Bu yıl İzmir'e sonbahar aylarında beklenenin altında yağış olunca umudumuz kışa kaldı. Ancak Aralık ayında da şimdilik yağışlar barajlara hiç etki edemedi. Toprak suya doymadı ve böyle giderse ciddi sorunlar bekliyor hepimizi. Yine de kış ayından umutluyuz. Tahtalı Barajı'nda doluluk oranı %11.19'a kadar düştü. Yağan yağmurlar baraja hiçbir etkide bulunmuyor. Geçen yıl bu zamanlarda aynı doluluk oranı %48.10'du. Hafta sonu yaklaşık 20 kg  yağış almamıza rağmen, hatta silgeçlerin bile yetişemediği bir durumda nasıl oluyor da barajlar dolmuyor? Akıllarda türlü türlü sorular var. Acaba barajlarda sızıntılar olabilir mi? Tahtalı'yı besleyen dere yataklara ne olmuş? Asıl yağışlar Çeşme tarafından geliyor ve yağışları bizden çok Yunanistan alıyor ve biz maalesef nasiplenemiyoruz.  Yaklaşık 4.5 milyonluk nüfusun içme suyunu elbette bir baraja bağlamamak gerek.  Türkiye’nin en pahalı suyunu içiyoruz.
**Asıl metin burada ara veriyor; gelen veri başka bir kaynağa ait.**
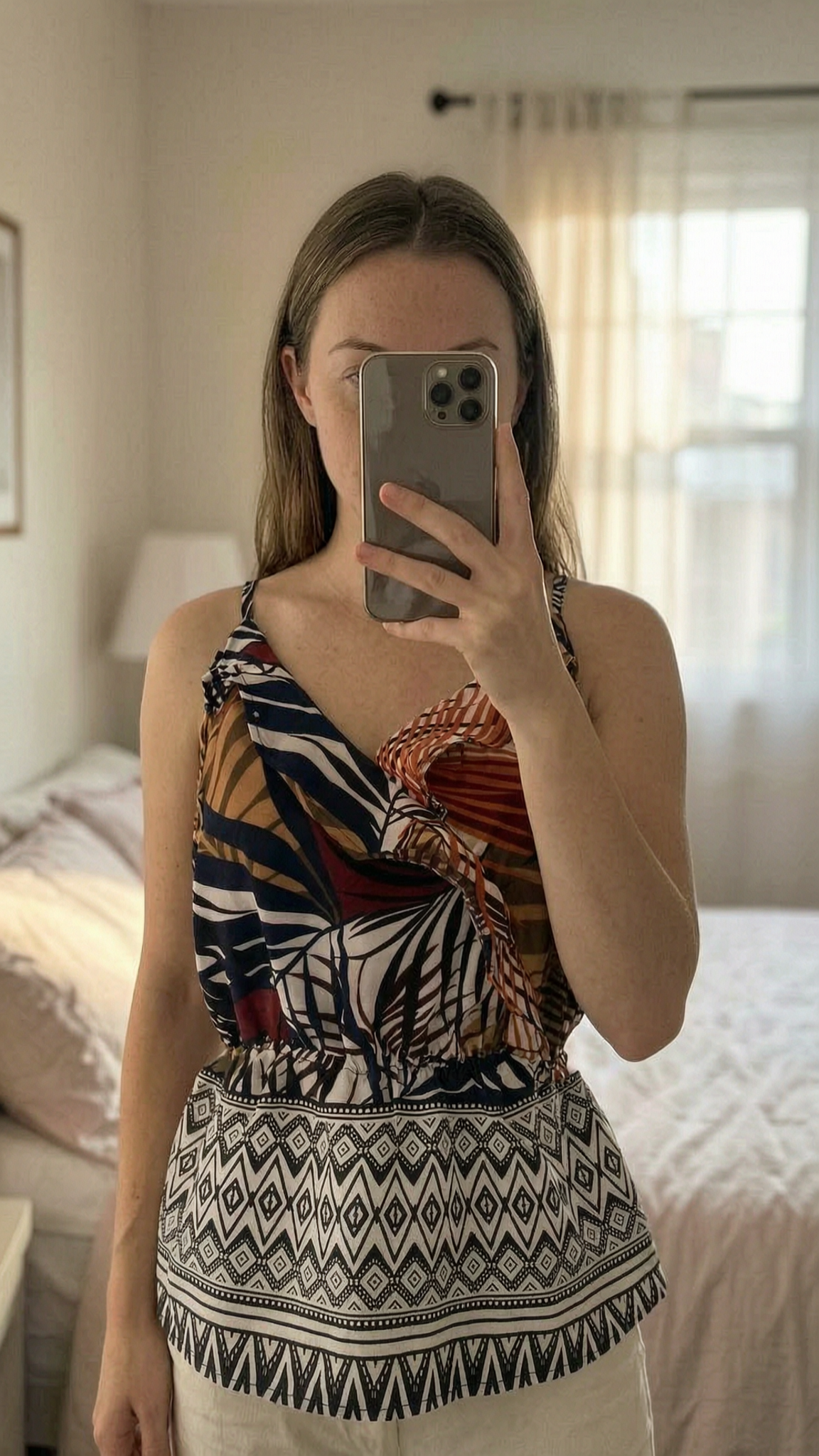 A person in New with tags summer strappy camisole vest with leaf & Aztec design size 12 standing straight facing the camera, in a softly lit bedroom setting, with gentle natural light filtering through a window.

Maliyetlerin yüksek olduğu söyleniyor ancak gidişat biraz yağmurlara biraz da bizlere düşüyor.

Su tasarrufu şart oldu 

Geçmişte su sorunları olduğunda herkes üzerine düşeni yapmıştı. Evin önünde aracınızı yıkamayın, balkonunuzda halı yıkamayın. Çeşmeden suyu boşa akıtmayın. Çamaşır ve bulaşık makinesini tam yükte kullanın. Daha kısa duş alın. Diş fırçalarken suyu kapatın. Sebze ve meyveleri akan suda yıkamayın. Dolu bir su kabının içinde yıkayın. Su tasarrufu yağmurlar olsa da şart. Benim önlemimle ne değişir demeden her bir damlasına bile önem vermeliyiz. Nasıl ki susuz bir hayat imkansız, o halde beklenti içinde olmadan herkesin vazifeli bir görevli gibi bu konuda hassasiyetini göstermesi gerekiyor. Bu aralar % 30 zam konuşuluyor. Bunu da önlemek yine elimizde.  Bazen elindekinin kiymetini de bilmek gerekiyor. Bir giydiğimiz kıyafeti ter kokmuyor ve kirlenmediyse sadece bir kez giydik diye yıkamaya da atmamak gerekiyor.  Yağmurlar kadar aslında kar yağışı da barajlar için büyük önem arzediyor. Ama İzmir'e en son ne zaman kar yağdı diye sorsak hatırlayan var mı? Küçük çaptakileri saymazsak İzmir'in merkezine 1993 yılında kar yağmıştı. O dönem gazetelerde de kar topu oynayarak kışın tadı çıkarıldığı konuşuluyordu.  Aslında İzmir denizin dibinde olsa da denize girmek için 70-80 km yol yapmanız gerekiyorsa aynı şekilde kar görmek için de hemen hemen aynı yolu almak gerekiyor. Ya Spil'e ya da Ödemiş’e Bozdağ'a gidiyoruz. 

İZMİR'E KAR GELECEK Mİ? 

Bu yıl son 60 yılın en çetin kışı olacak deniyor.  La Nina etkisini göstereceği söyleniyor. Yaz ayı aşırı sıcak geçtiği dönemlerde kışların böyle çetin geçeceği hep bilinirdi ancak bu yıl kış hem daha erken başladı hem de bu filmin sadece fragmanıydı. Uzmanlar Aralık ayının son haftası ve Ocak ayının ilk haftasını işaret ediyor. Yoğun kar yağışı bekleniyor. Peki böyle kardan bahsederken İzmir'e de kar yağar mı? Hani kara doyduk dermiyiz acaba?  Bu yıl kar yok ama 2025 yılının Ocak ve Şubat aylarında İzmir de aşırı soğuk olacak ve şimdiden kestirmek mümkün olmasa da böylesi bir durumda İzmir kardan nasibini alabilir. Karın yağması yeraltı su kaynaklarımız içinde çok etkili olacak.  2025 yılının yaz aylarına susuz ve kurak girmemek için herkes üzerine düşeni yapmalı... Hadi şimdi öğrenme zamanı... "Kardan adam nasıl yapılır?", "Kartopu nasıl oynanır?"